Abdellaoui, Abdel, Jouke-Jan Hottenga, Peter De Knijff, Michel G Nivard, Xiangjun Xiao, Paul Scheet, Andrew Brooks, et al. 2013. “Population structure, migration, and diversifying selection in the Netherlands.” European Journal of Human Genetics 21 (10). Nature Publishing Group: 1277–85. doi:10.1038/ejhg.2013.48.

Dubois, Patrick C A, Gosia Trynka, Lude Franke, Karen A Hunt, Jihane Romanos, Alessandra Curtotti, Alexandra Zhernakova, et al. 2010. “Multiple common variants for celiac disease influencing immune gene expression.” Nature Genetics 42 (4).

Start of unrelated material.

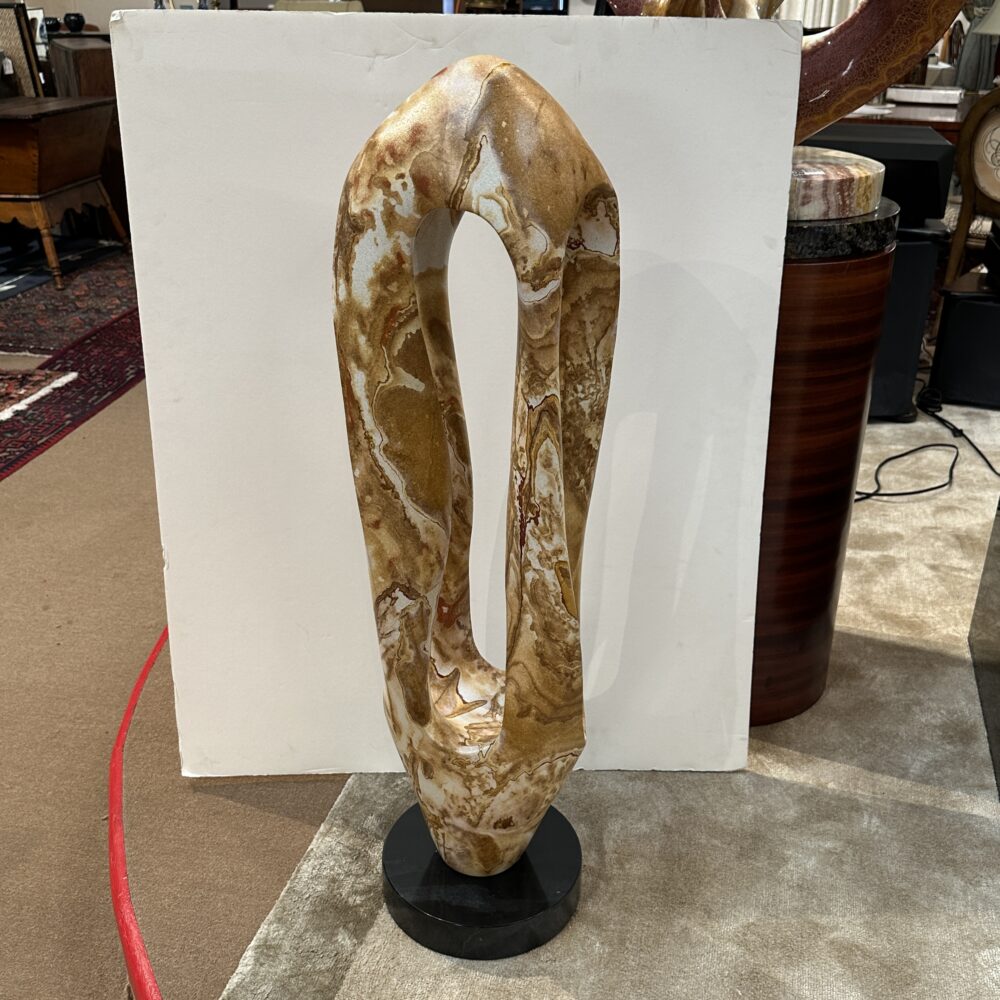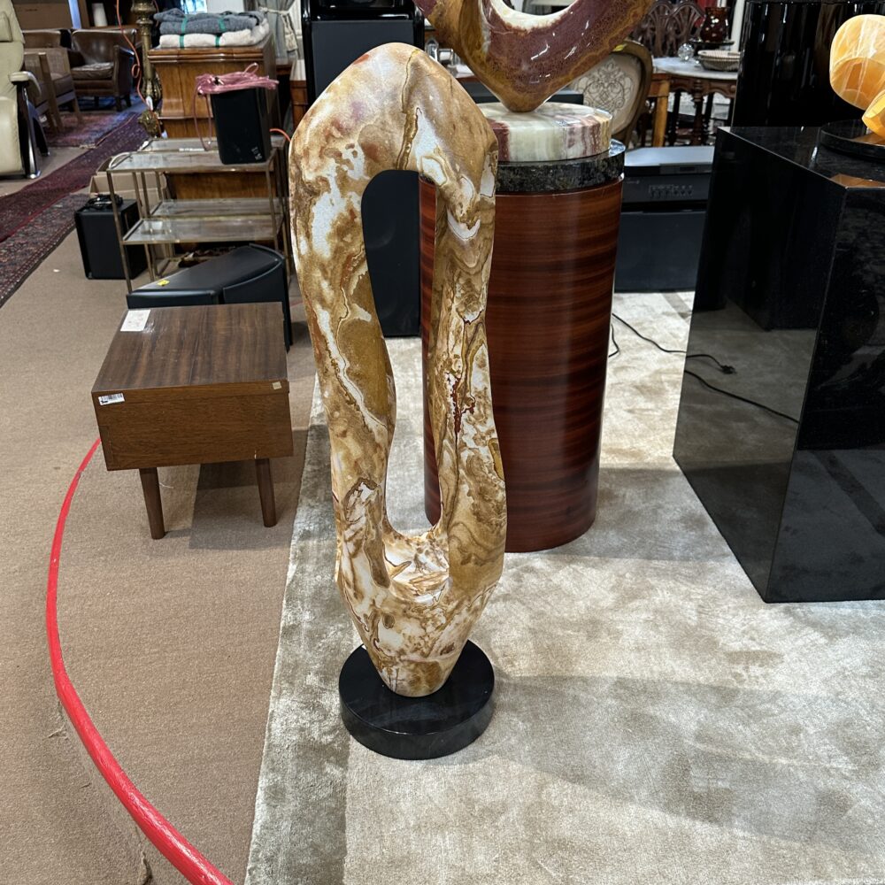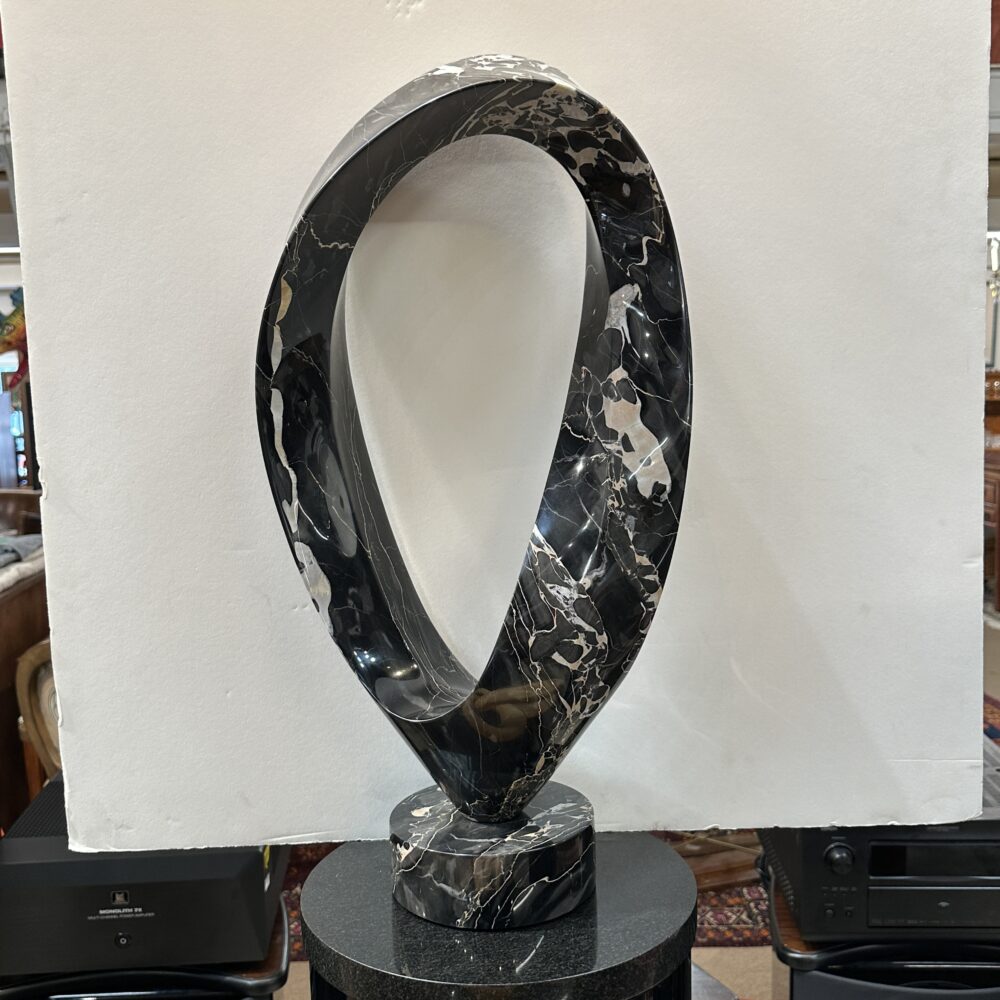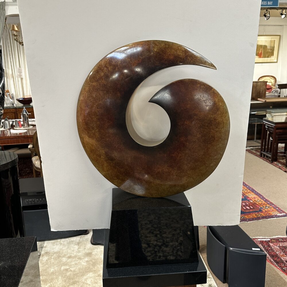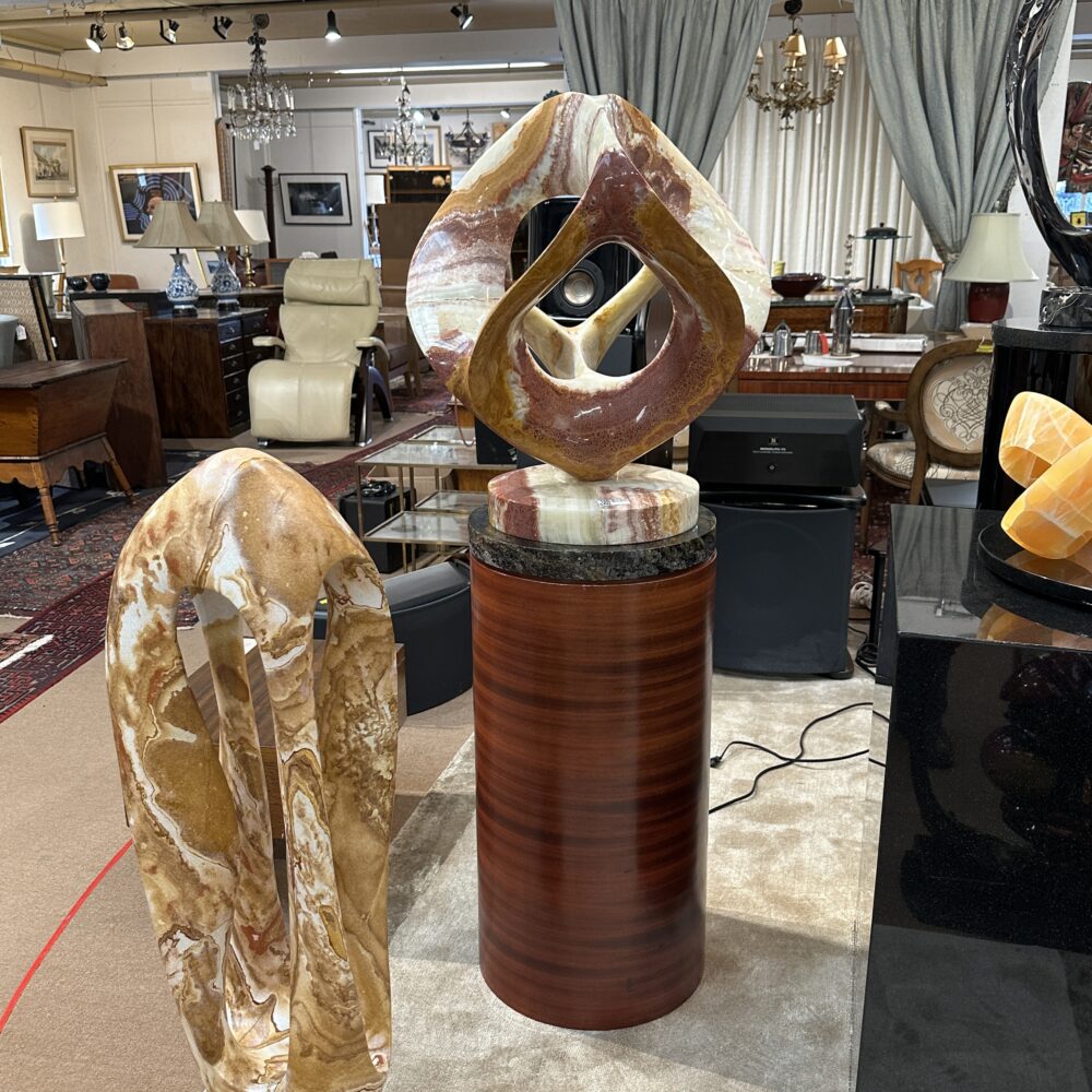 A stunning collection of artistry for the home — stone sculptures by Healdsburg artist T. Barny, bronze “Archer” by Thomas Holland (1967), Turnwood bowl by Jerry KermodeBaccarat stemware, and Arthur Court serving pieces.

Nature Publishing Group: 295–302. doi:10.1038/ng.543.

Price, Alkes L, Michael E Weale, Nick Patterson, Simon R Myers, Anna C Need, Kevin V Shianna, Dongliang Ge, et al. 2008. “Long-Range LD Can Confound Genome Scans in Admixed Populations.” Elsevier. doi:10.1016/j.ajhg.2008.06.005.

Privé, Florian, Hugues Aschard, and Michael G B Blum. 2017. “Efficient management and analysis of large-scale genome-wide data with two R packages: bigstatsr and bigsnpr.” BioRxiv. Cold Spring Harbor Laboratory. doi:10.1101/190926.